A spat between the police and secret services escalated yesterday as the London Metropolitan Police confirmed it was investigating whether its case on MI6 complicity with torture was itself spied on.
The Met was forced to admit that its investigation into British intelligence services’ involvement in the rendition of Libyan rebels could have been compromised.
The discovery that MI6 had eavesdropped on lawyer-client communications linked to the case was first made by legal charity Reprieve.
Speaking on the new revelations US lawyer and Reprieve member Cori Crider said: “It seems blatantly obvious that those under investigation by the police for serious crimes should not have access to the details of that investigation.
“Yet that is just what we fear may have happened here.”
She added: “Not content with being able to skew trials in their favour by spying on lawyers, the government may now have gone as far as snooping on evidence that has gone to the detectives investigating the government in Operation Lydd.”
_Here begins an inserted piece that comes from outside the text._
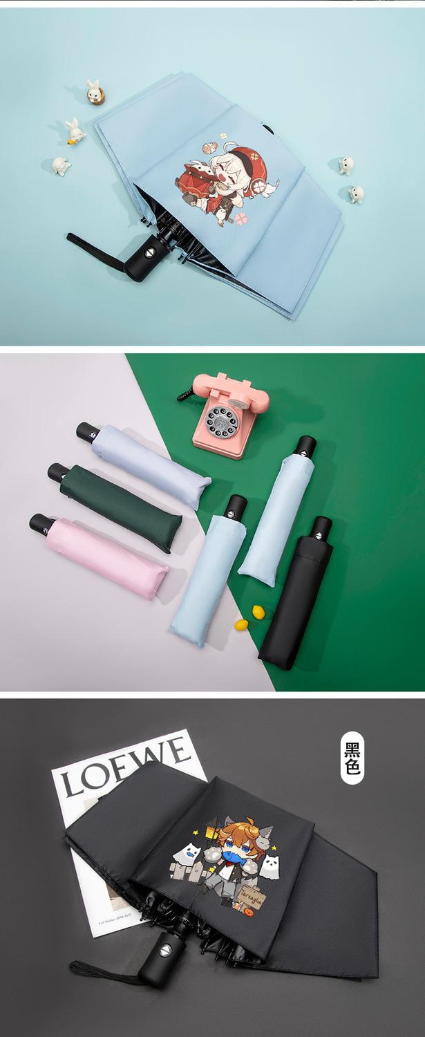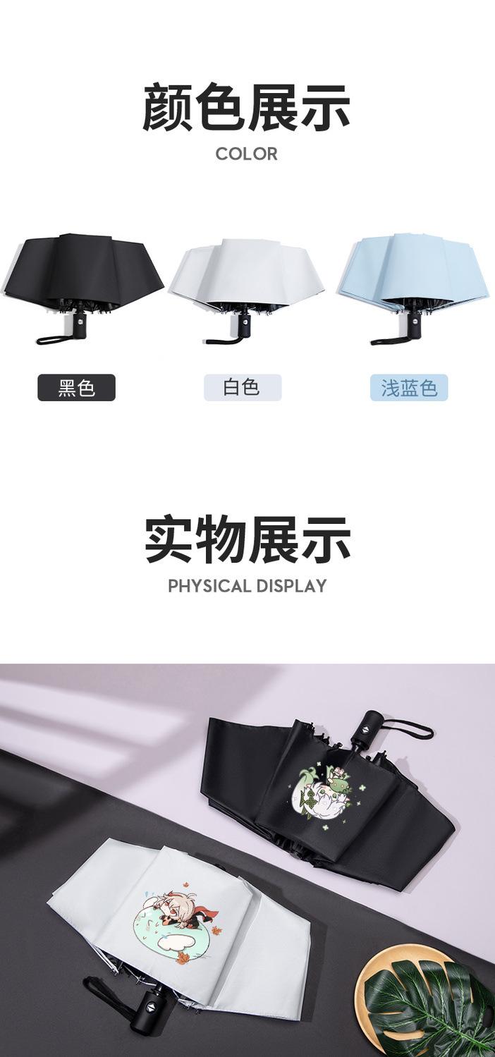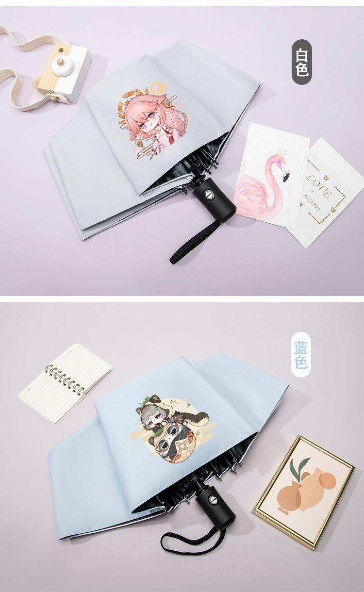 Paraguas de Sol Plegable Totalmente Automático Genshin Impact con Protección Solar y Anti-UV para Estudiantes de Primaria, Paraguas Reforzado Resistente al Viento para Días Soleados

As previously reported in the Star, correspondence between former MI6 counter-terrorism unit head Mark Allen and Colonel Gadaffi’s Minister of Foreign Affairs Moussa Koussa was found in 2011.
It revealed that British personnel might have been involved in forcibly moving Abdel-hakim Belhaj, Sami al-Saadi, their wives and children from hiding and into Libyan prisons.
“The government needs urgently to explain whether the police investigation has been in any way compromised by their eavesdropping policies,” added Ms Crider.
“Ministers and officials must stop behaving as though they are above the law.”